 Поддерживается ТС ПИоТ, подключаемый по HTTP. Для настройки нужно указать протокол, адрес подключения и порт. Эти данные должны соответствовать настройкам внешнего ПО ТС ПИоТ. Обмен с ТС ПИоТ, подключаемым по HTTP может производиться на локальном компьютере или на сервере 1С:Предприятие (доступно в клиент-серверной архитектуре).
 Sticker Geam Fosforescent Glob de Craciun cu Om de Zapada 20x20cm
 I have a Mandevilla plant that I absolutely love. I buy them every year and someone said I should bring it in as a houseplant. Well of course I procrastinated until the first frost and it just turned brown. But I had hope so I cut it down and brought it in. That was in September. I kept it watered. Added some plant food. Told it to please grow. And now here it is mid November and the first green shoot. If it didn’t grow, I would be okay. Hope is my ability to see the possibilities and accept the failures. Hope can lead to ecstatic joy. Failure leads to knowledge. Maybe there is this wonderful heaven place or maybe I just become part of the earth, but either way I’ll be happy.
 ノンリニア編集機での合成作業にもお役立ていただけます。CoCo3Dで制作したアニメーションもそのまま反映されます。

==

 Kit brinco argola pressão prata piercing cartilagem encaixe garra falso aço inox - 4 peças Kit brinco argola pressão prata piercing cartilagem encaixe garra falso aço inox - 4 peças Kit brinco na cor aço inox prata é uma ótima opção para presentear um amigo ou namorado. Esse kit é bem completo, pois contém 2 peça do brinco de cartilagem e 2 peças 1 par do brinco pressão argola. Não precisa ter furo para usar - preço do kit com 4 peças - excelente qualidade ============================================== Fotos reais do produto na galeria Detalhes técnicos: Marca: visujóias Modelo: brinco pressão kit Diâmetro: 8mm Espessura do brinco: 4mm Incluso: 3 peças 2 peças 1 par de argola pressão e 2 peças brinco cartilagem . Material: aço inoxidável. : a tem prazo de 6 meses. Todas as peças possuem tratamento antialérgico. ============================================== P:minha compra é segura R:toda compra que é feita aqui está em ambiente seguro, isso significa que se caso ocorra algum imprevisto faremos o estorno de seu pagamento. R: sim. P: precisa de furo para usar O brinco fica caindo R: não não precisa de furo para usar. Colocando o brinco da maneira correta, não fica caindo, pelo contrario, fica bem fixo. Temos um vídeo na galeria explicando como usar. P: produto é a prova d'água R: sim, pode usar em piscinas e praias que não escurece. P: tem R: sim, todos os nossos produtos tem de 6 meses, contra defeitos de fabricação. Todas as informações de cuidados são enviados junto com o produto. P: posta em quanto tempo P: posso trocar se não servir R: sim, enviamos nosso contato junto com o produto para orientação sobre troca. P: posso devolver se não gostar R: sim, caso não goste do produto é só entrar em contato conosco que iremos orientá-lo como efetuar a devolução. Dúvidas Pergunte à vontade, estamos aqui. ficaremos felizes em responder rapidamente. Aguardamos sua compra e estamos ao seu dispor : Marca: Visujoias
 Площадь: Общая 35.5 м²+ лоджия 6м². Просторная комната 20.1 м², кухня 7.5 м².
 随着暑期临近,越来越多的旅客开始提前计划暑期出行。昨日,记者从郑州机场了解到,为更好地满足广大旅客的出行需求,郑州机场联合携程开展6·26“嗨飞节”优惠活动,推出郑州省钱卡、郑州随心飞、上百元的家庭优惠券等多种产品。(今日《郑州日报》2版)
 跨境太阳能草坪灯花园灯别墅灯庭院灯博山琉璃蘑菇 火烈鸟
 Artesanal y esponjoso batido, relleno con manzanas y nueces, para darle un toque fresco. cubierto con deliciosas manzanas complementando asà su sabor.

==

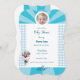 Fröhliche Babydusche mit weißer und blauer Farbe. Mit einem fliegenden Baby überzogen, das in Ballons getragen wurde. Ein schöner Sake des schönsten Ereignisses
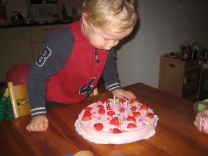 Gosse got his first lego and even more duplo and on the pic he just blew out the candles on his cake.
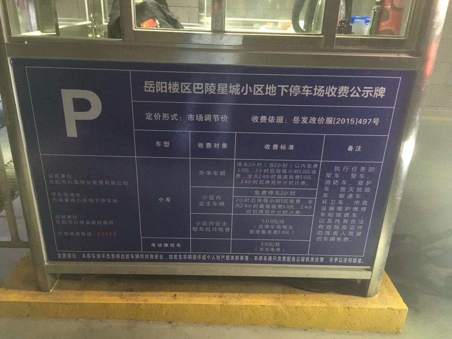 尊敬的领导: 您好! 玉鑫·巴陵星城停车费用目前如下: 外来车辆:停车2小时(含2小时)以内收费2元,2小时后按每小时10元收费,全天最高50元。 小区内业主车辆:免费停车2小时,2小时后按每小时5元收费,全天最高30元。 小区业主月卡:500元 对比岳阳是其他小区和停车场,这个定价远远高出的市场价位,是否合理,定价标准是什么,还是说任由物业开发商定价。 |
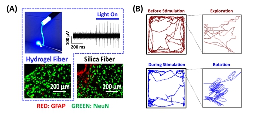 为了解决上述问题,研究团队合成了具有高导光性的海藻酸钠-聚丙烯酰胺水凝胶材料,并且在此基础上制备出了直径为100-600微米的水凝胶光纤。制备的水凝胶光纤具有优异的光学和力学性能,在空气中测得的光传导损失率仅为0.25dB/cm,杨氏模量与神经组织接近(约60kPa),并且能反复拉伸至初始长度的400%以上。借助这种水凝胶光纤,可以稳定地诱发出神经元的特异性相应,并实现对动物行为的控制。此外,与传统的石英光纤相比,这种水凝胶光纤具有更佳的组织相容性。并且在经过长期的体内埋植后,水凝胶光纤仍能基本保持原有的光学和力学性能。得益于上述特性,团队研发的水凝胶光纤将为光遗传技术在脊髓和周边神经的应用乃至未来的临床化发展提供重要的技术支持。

Activity: Within the material above, copy exactly the lines from the line that holds "Площадь: Общая 35.5" up to and including the line that holds "Artesanal y esponjoso".

Answer to this problem:
 Площадь: Общая 35.5 м²+ лоджия 6м². Просторная комната 20.1 м², кухня 7.5 м².
 随着暑期临近,越来越多的旅客开始提前计划暑期出行。昨日,记者从郑州机场了解到,为更好地满足广大旅客的出行需求,郑州机场联合携程开展6·26“嗨飞节”优惠活动,推出郑州省钱卡、郑州随心飞、上百元的家庭优惠券等多种产品。(今日《郑州日报》2版)
 跨境太阳能草坪灯花园灯别墅灯庭院灯博山琉璃蘑菇 火烈鸟
 Artesanal y esponjoso batido, relleno con manzanas y nueces, para darle un toque fresco. cubierto con deliciosas manzanas complementando asà su sabor.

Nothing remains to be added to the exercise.